PostNapisane: 25 lip 2019, 18:16
przez child
Vito78 napisał(a):Żony poprzednie auto (Citroen Xsara Picasso) nie miał takich znaków użytkowania po 10 latach.
"serce się kraje" jak to widzimy i porównujemy do auta które poprzednio mieliśmy o połowę tańsze i światowo dużo niżej sklasyfikowane,aniżeli Mazda.


Jakbyś miał 10-letnią Mazdę, to też byś nie miał takich śladów, więc to nie jest żaden argument.

Re: Jaka jest jakość lakieru w Mazdach Skyactiv?

PostNapisane: 27 lip 2019, 12:46
przez Vito78
Witam,
Dziękuję za Wasze odpisy w tej sprawie.
Widzę że to jest wada nie tylko w moim aucie, ale i winnych.
Dzisiaj byłem na myjni ręcznej i właściciel po podjęciu tematu mówił ze mazdy maja kiepski lakier i bardzo cienki, nawet jak woski kładą to musza bardzo uważać aby nie zostały rysy od ręcznego polerowania.
uważam że zwrócenie się do Mazda Pl by tu też nić nie pomogło, aczkolwiek waham się przed tym.
Pozdrawiam i miłego dnia
Witold

PostNapisane: 27 lip 2019, 13:17
przez Kami40
Dzięki za odpowiedzi, dla mnie najważniejsza jest niezawodnośc, ponieważ miszkam za granicą, dużo jeżdżę po mieście ale też będę jeździł z Niemiec do Polski i spowrotem, zastanawiam się też nad Hyundai Tucson, oczywiście myślę o aucie z drugiej ręki, nie nowym. Mazda ma fajne silniki ale nie chce się wkurzac za jakiś czas byle odpryskiem na masce, a później rdzą?

Re: Jaka jest jakość lakieru w Mazdach Skyactiv?

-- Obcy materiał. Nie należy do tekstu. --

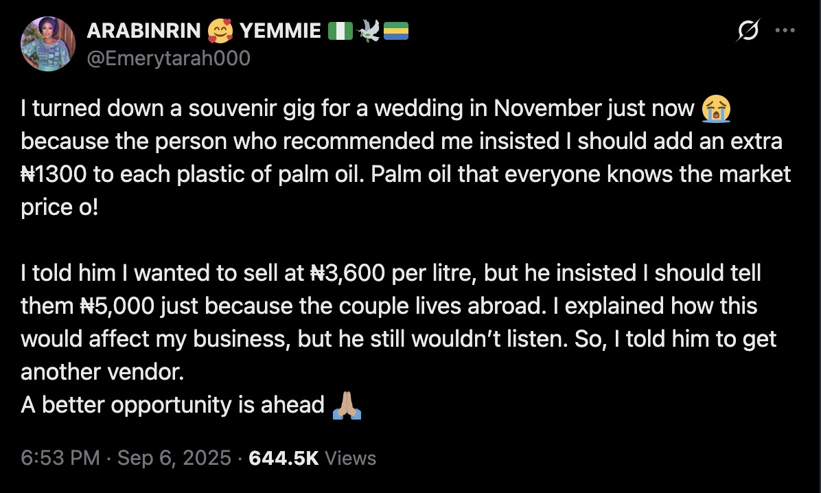 The vendor, identified as Yemmie (X handle: @Emerytarah000), revealed that she was approached to supply palm oil souvenirs for a wedding scheduled in November. However, the intermediary insisted she add ₦1,300 to the price of each unit so he could profit from the difference.

PostNapisane: 27 lip 2019, 15:05
przez rav 75
Wtrącę swoje 3 grosze...Producentem farby używanej do lakierowania aut w fabryce jest (w zależności od producenta auta) Nippon i Kansai. Niezależnie jaki dalekowschodni producent wyprodukuje auto jakość lakieru jest taka sama,niezależnie czy jest to Hyundai,Kia,Mazda,Mitsubishi czy Toyota. 90-100 mikronów warstwy lakieru na białej czy czerwonej perle... Będzie odpryskiwać. I nie ma na świecie środków,kwarców,ceramik czy innej cudownej maści która temu zapobiegnie.
Dlaczego tak cieniutko? Oszczędności na materiale,na energii,na suszeniu,na wadze itd. Użytkownik ma jeździć autem 3 lata do czasu trwania gwarancji a później niech kupi nowe auto.